I was hoping someone might let me know if they know of any work at home opportunities that they hear about. I have an executive resume and I'm looking for something I could do to generate just about $400 a month that I can do from my home office. 

This is the "slow" part of the year for the company I own and we won't see regular business or income figures again until the end of Feb, early March. I just got divorced and have these 5 little faces looking at me. Things have just been rough. I've put my resume out just under 80 times this month. I am not certain what else to do so I'm down to contacting just about every person I can to just keep an ear out. Thought it couldn't hurt to ask here as well.


----------



## FarmChix (Mar 3, 2013)

Hope all is well. You could be a guest writer for specialty magazines. They had a lot of job openings on careerbuilder. Basically, you write a weekly column based on your expertise....gardening, art, photography, etc. It isn't a work-from-home "scheme", as they actually require credentials, etc.


----------



## RubyRed (Sep 24, 2011)

Yes. I have a few things in the works. How soon are you looking to get involved in something and how much time are you able to commit to? What is your experience?


----------



## bajiay (Apr 8, 2008)

I hope things get better for you soon... (((HUGS))))


----------



## therunbunch (Oct 5, 2009)

Ruby.. unless I get on full-time here, I have plenty of time to work on other things. My specialty is in public relations, marketing, advertising etc. I hate sales though. I can type 98wpm. I'm pretty sure I can get on with something here, just have to play the waiting game now that the applications are in.


----------



## clovis (May 13, 2002)

I was just wondering about you the other day. I hope you are doing well!!!

Ebay, friend, ebay.

We make 100% of our living from ebay and flea markets. Mostly, we hunt, buy, drag home and list it.

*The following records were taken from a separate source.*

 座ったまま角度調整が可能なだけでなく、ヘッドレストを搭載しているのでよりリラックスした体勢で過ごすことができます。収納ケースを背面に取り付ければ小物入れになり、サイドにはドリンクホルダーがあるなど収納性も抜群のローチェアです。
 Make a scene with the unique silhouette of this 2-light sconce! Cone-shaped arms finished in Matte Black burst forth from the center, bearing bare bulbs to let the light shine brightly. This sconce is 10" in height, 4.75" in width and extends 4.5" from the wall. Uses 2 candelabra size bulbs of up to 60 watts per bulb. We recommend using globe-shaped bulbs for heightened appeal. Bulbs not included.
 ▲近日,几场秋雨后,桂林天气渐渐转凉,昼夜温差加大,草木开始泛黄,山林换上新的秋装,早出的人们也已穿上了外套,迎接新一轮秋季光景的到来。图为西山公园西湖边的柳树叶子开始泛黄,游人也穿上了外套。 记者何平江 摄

But what comes to mind is that we have recently been buying on ebay, and then reselling the same item after it gets shipped to us. I know a few tool items, and it is amazing how many people will post a single bad picture with a 99 cent start, and I buy it for $30 shipped. We are parting these out, listing them as a Buy It Now, and making a pretty decent return.

Since 12/25, we've sold $108 in parts for those, and I know for a fact that we have $24 in it. 

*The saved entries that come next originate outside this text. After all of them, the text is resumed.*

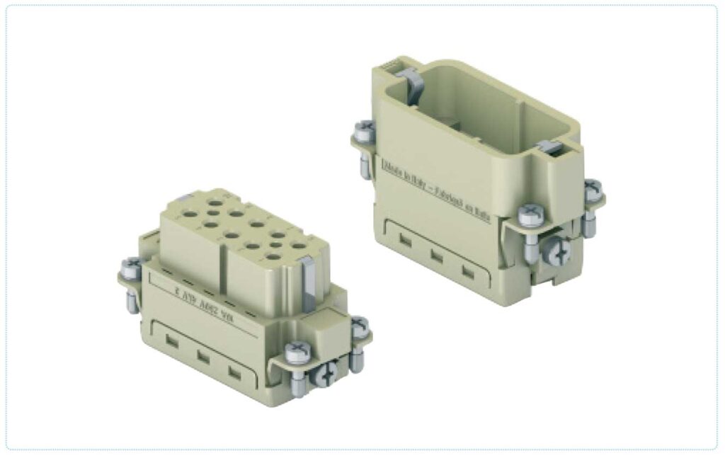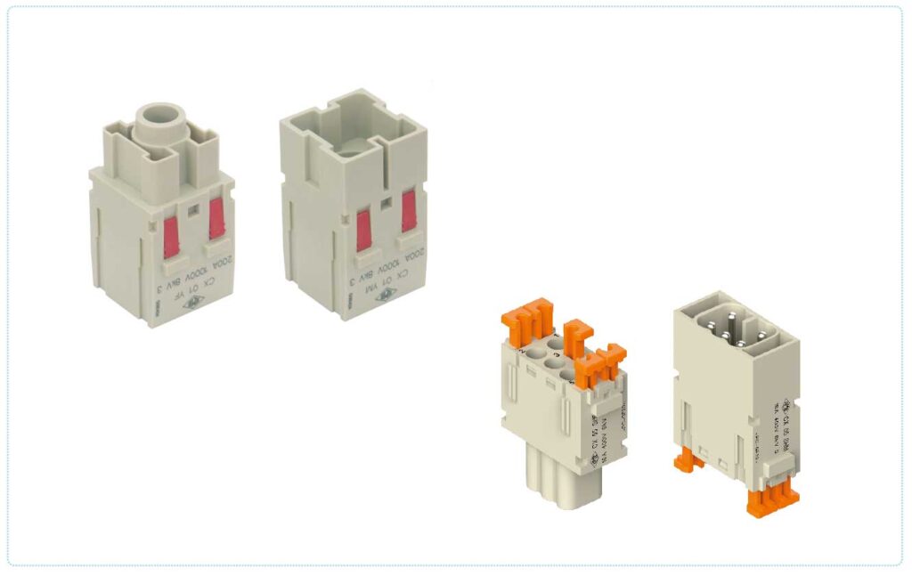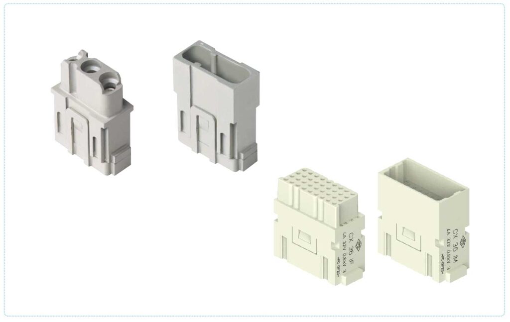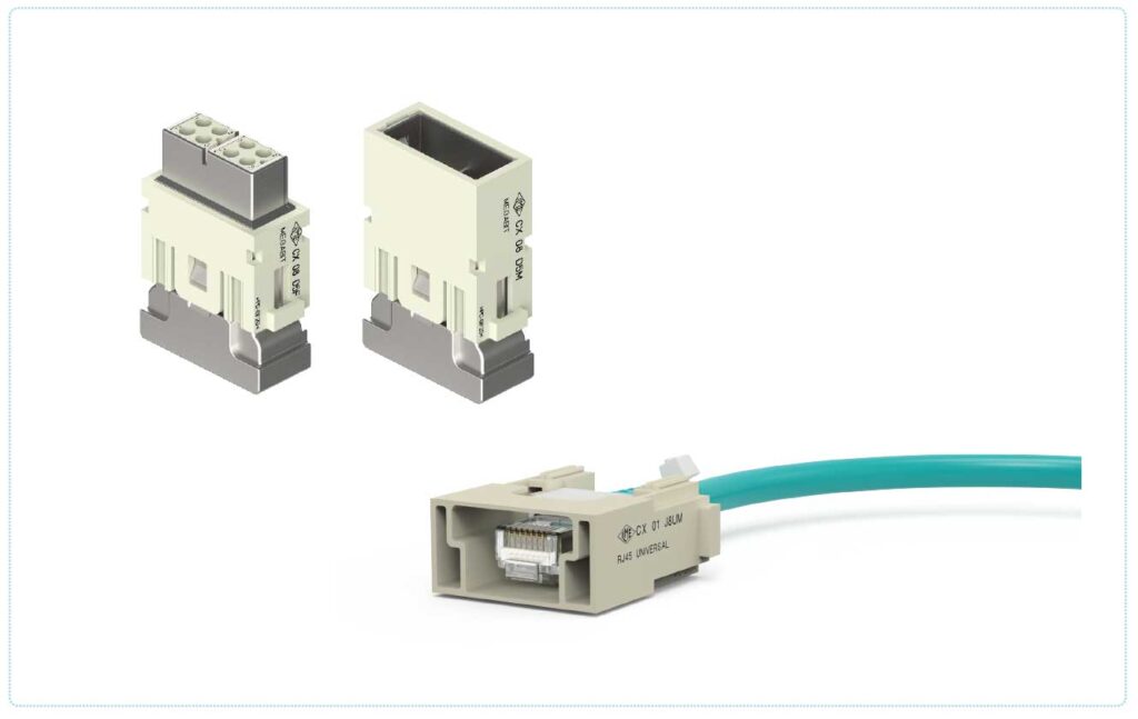 モジュラー式インサートMIX0は、角形コネクタの特徴を生かし、用途に応じた各モジュールを組み合わせて構成するシステムです。ひとつのエンクロージャー内部に、電気信号だけでなく、空圧や光ファイバーなどの通信ユニットをまとめることができます。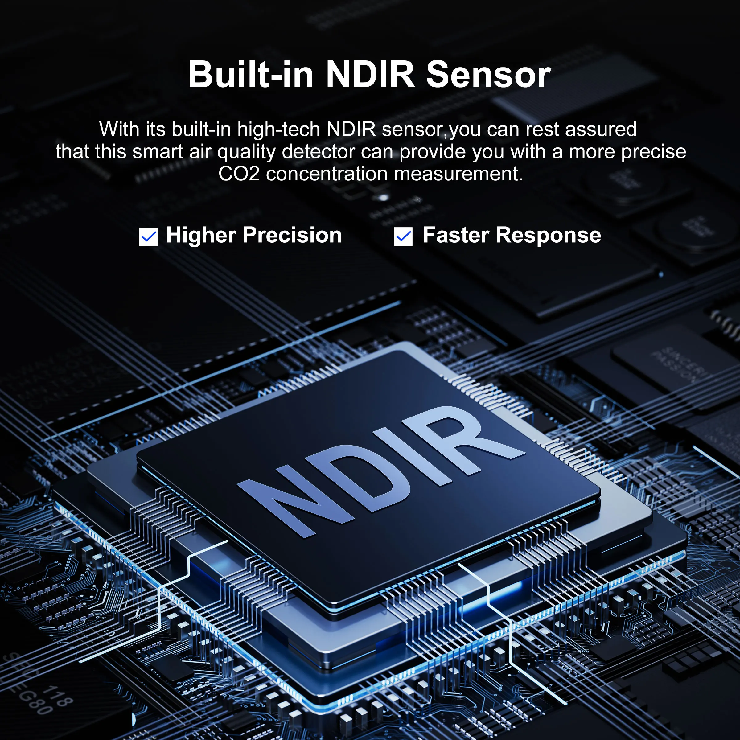 Unlike conventional CO2 sensors, the NDIR technology offers faster, more stable, and precise monitoring of CO2 concentration, enhancing your comfort, safety, and smart living experience.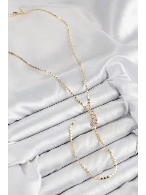 Pirinç Zirkon Taşlı Ezme Zincirli Model Gold Renk Y Kolye - Bamido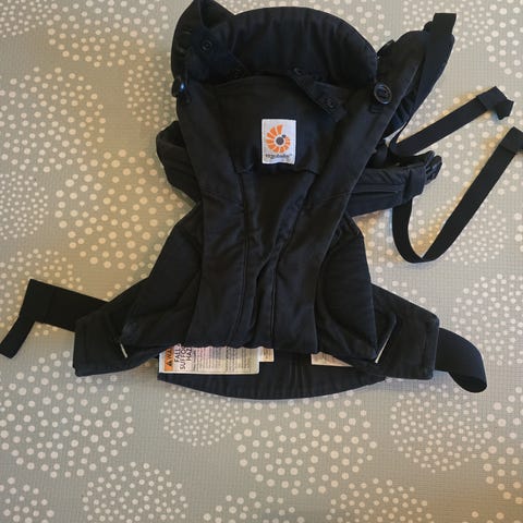 Bæreselen er svart men blitt litt bleket i vask. Ellers er den i svært god stand og er veldig behagelig på for både bærer og barn :)

We have started buying toy trains off of ebay too, for the sole purpose of flipping on ebay. Moderate success so far, but I just started, and have lots to learn.

I am still waiting for the low price point on a seasonal kitchen item. My plan is to buy for $50 or less, and part out for a profit of $200+. 

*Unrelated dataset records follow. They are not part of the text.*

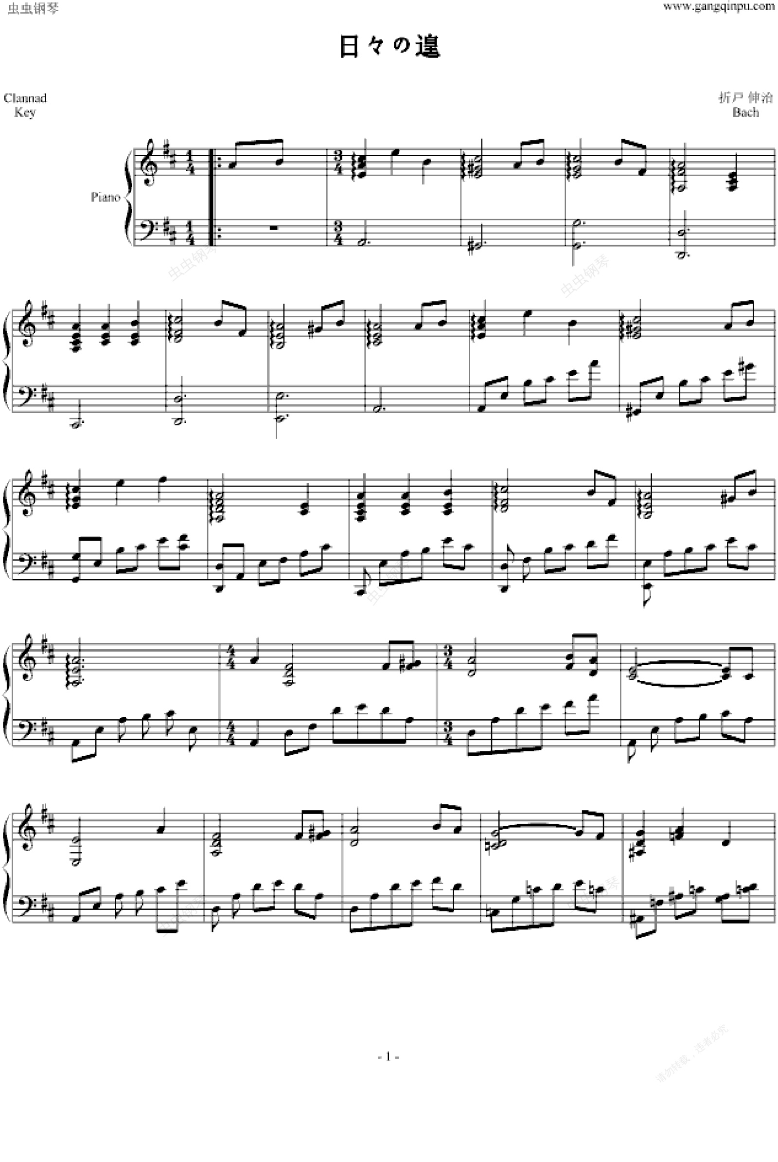钢琴谱:日々の遑-Clannad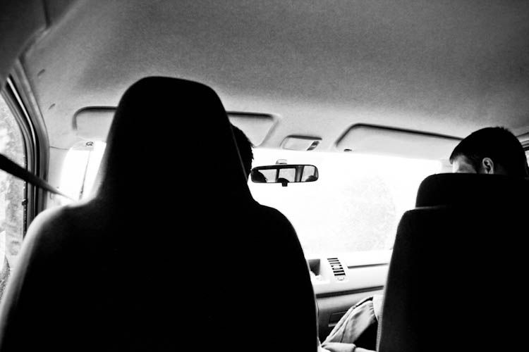 we are about a half hour away from our destination when traffic comes to a complete stop. it is 6:00pm and the world is already a cloudy dark blue. our driver is told that a part of the road broke or fell off. the earth had taken a big sip of rain and is muddy. a few squad mates jump off the van and take a look at the fallen road. we are later told that there was an accident and that it will be several hours till we move again.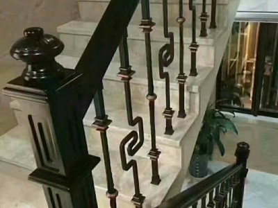 樓尚公館別墅弧型梯 鐵藝柱子欄桿樓梯 實木原木扶手簡約旋轉(zhuǎn)樓梯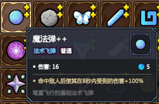 朴素的【魔法弹】在++以后,可以给受击目标100%的易伤效果,而且前期如果选择初始套装,默认就会获得一些魔法弹,也更方便后期合成。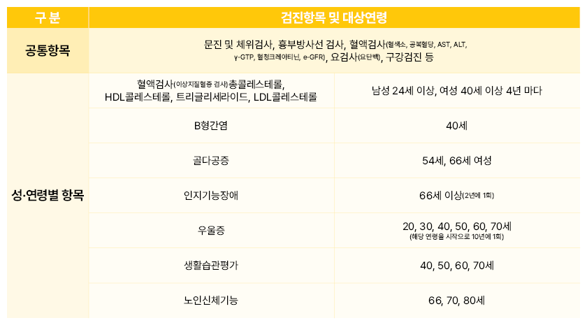 요검사, 구강검진 등으로 이루어지며, 연령과 성별에 따라

The beauty in all of this is that I never have to leave home, and the relisting is a cinch, since I am continually able to hit the 'relist' button, and modify the listing.

Are there any items that you know, and could buy them and part out or flip on ebay?


----------



## RubyRed (Sep 24, 2011)

Therunbunch - Private message being sent...


----------



## fransean (Dec 21, 2002)

I am sending you a PM with information.


----------



## happychick (Sep 20, 2010)

I second Clovis. Check out our signature links below this post - we have an Etsy & eBay shop. Sales vary of course, but some months we equally well with what we earn at our regular jobs, as we do online. We are a family of 3 now, and each of us have our own aspect in the home business. I know it is hard to break out of the norm or try to create something at a time like you're going through. And maybe later it will be down the road...But it's just an idea.


----------



## Lookin4GoodLife (Oct 14, 2013)

My advice in the job hunt is network, network, network. I'd be willing to bet you're 10 times more likely to find a job based on a recommendation from someone who already works there than by putting in an application or sending a resume. You'll still need a resume of course and have to fill out an application as a formality, but word of mouth is your best bet. Especially now that so many HR people use bots or whatever you want to call them to scan resumes and if certain key words or phrases aren't there, they never even see them before they hit the "circular file". Beat the bushes with everyone you know and take anything you can find because as they say...... "It's easier to FIND a job if you already HAVE a job."  Best of luck with it!


----------



## thesedays (Feb 25, 2011)

Lookin4GoodLife said:


> My advice in the job hunt is network, network, network. I'd be willing to bet you're 10 times more likely to find a job based on a recommendation from someone who already works there than by putting in an application or sending a resume. You'll still need a resume of course and have to fill out an application as a formality, but word of mouth is your best bet. Especially now that so many HR people use bots or whatever you want to call them to scan resumes and if certain key words or phrases aren't there, they never even see them before they hit the "circular file". Beat the bushes with everyone you know and take anything you can find because as they say...... "It's easier to FIND a job if you already HAVE a job."  Best of luck with it!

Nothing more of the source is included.